General Statistics Question

Discussion in 'Strategy Building' started by HotTip, Aug 30, 2011.

  1. HotTip

    HotTip

    I have a question for the stats studs out there:

    If I developed a system that when backtested creates a smooth upward daily equity curve (i.e., >99% correlation) incorporating >3611 trades over 427 days, is it even necessary to do an in-sample/out-of-sample test on that? I can understand doing that when the in-sample results have a high beta and generates an erratic equity curve, but if my equity curve has a nice upward trajectory regardless of the time period I'm looking at, doesn't that already imply that the system is consistently profitable, or is an out-of-sample test still necessary regardless of the equity curve my in-sample generates?

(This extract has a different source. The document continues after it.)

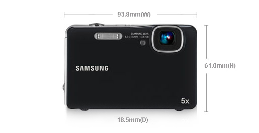 Special Feature   Waterproof & Compact slim Design Waterproof (3M), Aqua Mode 12 Mege Pixels 5X Optical Zoom Lens & DIS 2.7" LCD (230K) H.264, 720p, 30fps ISO 3,200 Smart Auto (Still & Movie) & Face Recognition Face Detection & Self Portrait Smart Album Blink Detection & Smile Detection Beauty Shot Frame Guide Function Description Smart Filter: Miniature, Vignetting, Fish Eye
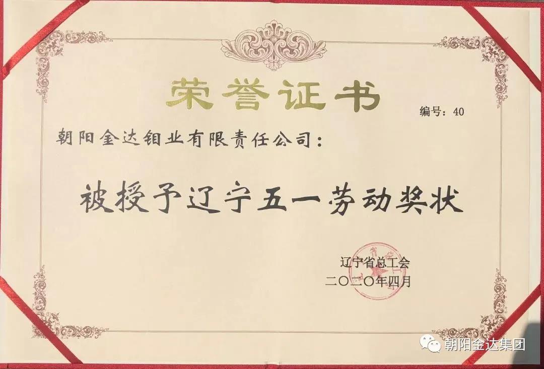 劳动创未来 奋斗正当时 | 祝贺金达钼业荣获“辽宁省五一劳动奖状”

    Thanks in advance for any insight!
     
  2. On what instruments? On what timeframes / volume / tick ?

    Not to rain on your parade, and I have no idea what you are doing, but 427 days is meaningless IMO.

    Others may refute that.
     
  3. rdg

    rdg

    It's not a matter of whether it's necessary or unnecessary, it's a matter of how confident you are that the feature you are exploiting exists in any data other than what you are currently testing against. For example, if I have a development process that starts with a bunch of data and finds a system that trades it perfectly, then I'm not going to have much confidence in it. I will probably want to see how it performs on different data. On the other hand, I could also imagine a situation where I had high enough confidence, based on the rigor of my development process, to take a system live after seeing only a few test results.
     
  4. maler

    maler

    All my backtests use some form of walk forward analysis.
    Do not trust in sample backtests.
    Whenever I see a very smooth equity curve,
    the most likely explanation is some kind of mistake.
    Most common mistakes are look ahead and suvivorship bias,
    or unrealistic execution costs.
     
  5. kickout

    kickout

    as a pseudo qualified statistician....there is no question there...



    analogous to randomly asking somebody "is this important"
     
  6. toc

    toc

    what is the win loss percentage on the number of trades in the backtested system.